Segundo a delegada da Polícia Civil Brenda Krisley Serafim, a mulher não precisa esperar que a violência se agrave para procurar ajuda. O pedido de medida protetiva pode ser feito diretamente em uma delegacia, inclusive quando não há histórico formal de agressões ou boletins de ocorrência anteriores contra o suspeito.

“Se a mulher se sente em situação de risco ou entende que precisa de proteção, já pode procurar a delegacia para requerer a medida”, explicou a delegada ao portal G1.

A orientação reforça o caráter preventivo da medida. A intenção é permitir que as autoridades atuem diante de uma situação de risco antes que ela evolua para agressões mais graves ou outros crimes.

Como funciona a medida protetiva

A mulher deve procurar uma unidade policial para registrar a ocorrência e manifestar o pedido de proteção. A solicitação é encaminhada ao Poder Judiciário dentro do prazo previsto em lei para análise judicial.

Quando a medida é concedida, o agressor é oficialmente comunicado sobre as determinações e fica sujeito às restrições estabelecidas pelo juiz. Entre elas podem estar a proibição de se aproximar da vítima, de manter contato por ligações, mensagens ou redes sociais e o afastamento do lar ou local de convivência.

O descumprimento de uma medida protetiva constitui crime e pode resultar em prisão em flagrante. A legislação prevê pena de dois a cinco anos de reclusão, além de multa, para quem desobedecer à decisão judicial.

Vargem já soma 58 medidas em 2026

Dos 197 casos registrados na comarca desde janeiro de 2024, 58 ocorreram somente entre janeiro e junho de 2026. O número representa quase um terço de todas as medidas concedidas no período analisado.

Em 2025, foram 79 medidas, enquanto 2024 terminou com 60 concessões. Os dados mostram que a busca por proteção judicial permanece presente no município e reforçam a importância dos mecanismos de prevenção e acolhimento às mulheres em situação de violência.

No levantamento regional, além das cidades que lideram em número de decisões, Conchal e São Sebastião da Grama aparecem entre os municípios com os menores registros, com 109 medidas protetivas concedidas cada.

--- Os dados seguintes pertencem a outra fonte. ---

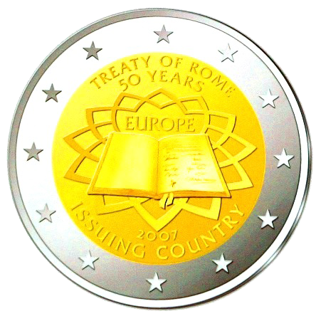 English: €2 commemorative coin Euro Zone 2007 50th Anniversary of the Signature of the Treaty of Rome
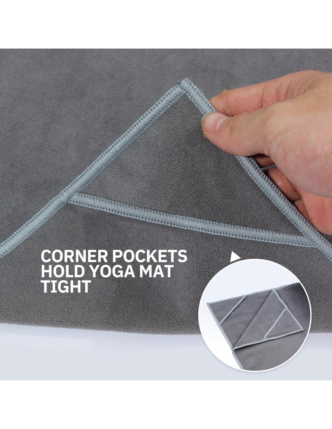 - Bolsillos en las Esquinas - La toalla de yoga cuenta con cuatro bolsillos en las esquinas que se ajustan de manera segura sobre los bordes de tu mat de yoga, manteniendo la toalla firmemente en su lugar durante tu práctica. Esto asegura que la toalla no se desplace ni se amontone, proporcionando una superficie estable.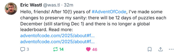 I was a little more surprised that he’s deleting the global leaderboard. Some people, it seems, are a little too excited by it, even going so far as to DDoS it to keep people from updating. Past couple of years, but especially last year, the top spots of the leaderboard were set by people who had completed both halves of the usually pretty tough puzzles in less than a minute, in many cases much less. The global leaderboards had been made pointless by both AI and very fast solvers, or very fast solvers using AI to simplify the puzzle for them.
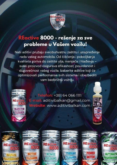 Nano aditivi za automobile i za sva motorna vozila. Reactive 8000. Aditivi vodeći u svetu i preko 50 godina na tržištu. Napravljeni posebnim formulama koje ne štete prirodi kao ni motornim vozilima.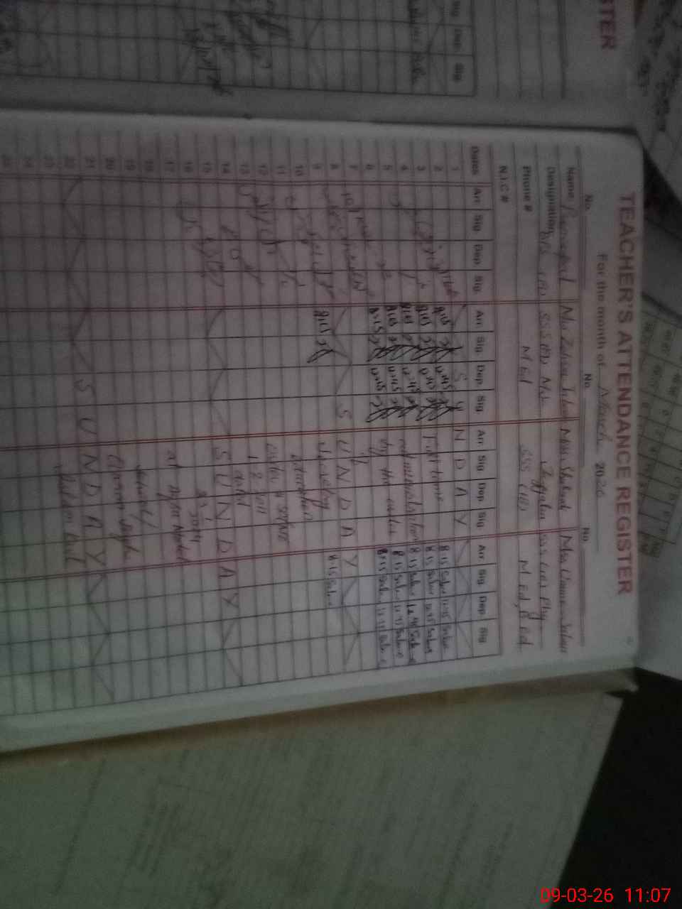 | 36**** | Fa**** Ak**** | SST Science | Regular | 2 | 0 | 0 | 0 | 0 | 0 | 0 | 0 | 2 | Exam Duty |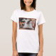 Halloween womens shirt with a vintage image from 1911 of a little girl in nightgown holding a candle to a mirror to see a ghost behind! The spooky ghost is a trick from a little Halloween sprite. Something different and unique for a Halloween party.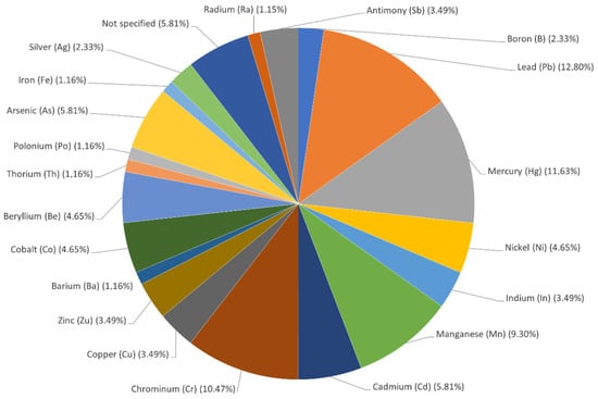 Figure 6 shows the composition of the “Metals” macro-area. The incidence of studies that investigated metals is well-balanced in terms of types of metal. Lead was investigated in 12.8% of the studies, for example, by [63]; mercury was investigated in 11.6%, for example, by [64]; the presence and effects of chromium were evaluated, for example, by [65]; and [66] analyzed the exposure to solid chemical agents in biomass-fired power plants and the associated health effects. The MIXIE program was used to evaluate the risks the workers faced from the metals. The results suggest that multiple 4exposures to different metals are associated with an increased risk of cancer, central nervous system disorders, and upper and lower respiratory tract irritation. The increased cancer risk can be explained by the combined effects of As, Be, Cd, and Pb; central nervous system disorders by those of Mn, Pb, and Se; irritation of the upper respiratory tract by those of Al, As, and Se; and irritation of the lower respiratory tract by the combined effects of Be, Cd, Mn, and Se. The most evident exposure-associated health risk of multiple exposures to metals was that of cancer.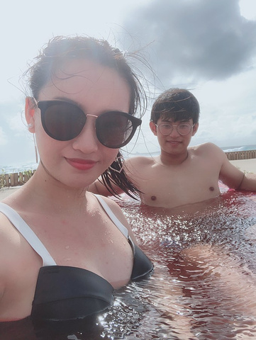 拿到水屋房卡了!等不及要拍照,拿出我的彩虹浮床,金老师很享受地泡澡去了,外面依旧是大风大浪,一整天都是小红旗。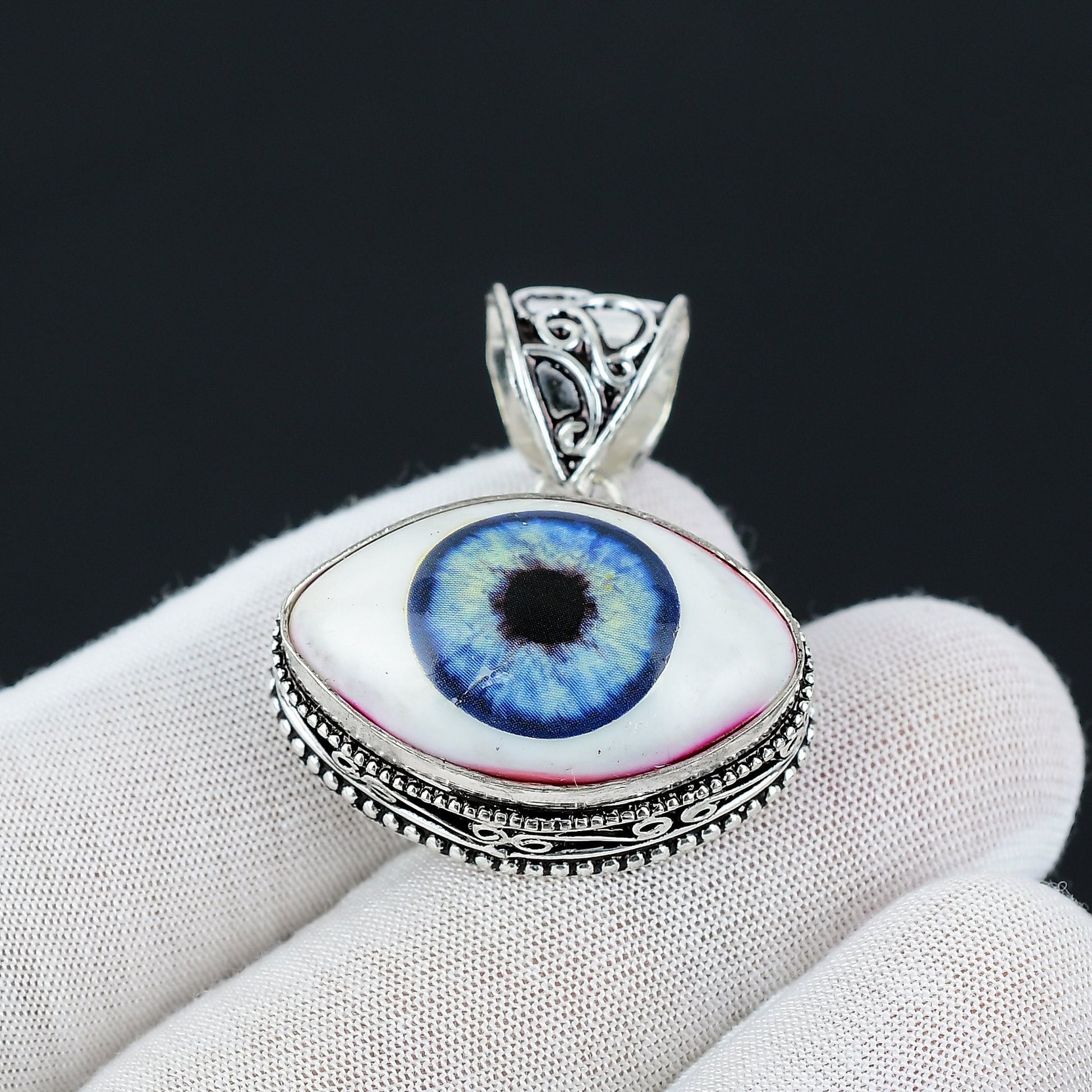 Featuring a detailed eye design with vibrant blue hues, this pendant is encased in an intricate silver-tone setting.

Para as autoridades de segurança pública, a procura precoce pelos canais de proteção é fundamental. A orientação é que mulheres que estejam sofrendo ameaças, violência ou se sintam em situação de risco não esperem uma nova agressão para buscar ajuda. A intervenção das autoridades pode ser decisiva para interromper o ciclo de violência e evitar que a situação evolua para crimes ainda mais graves.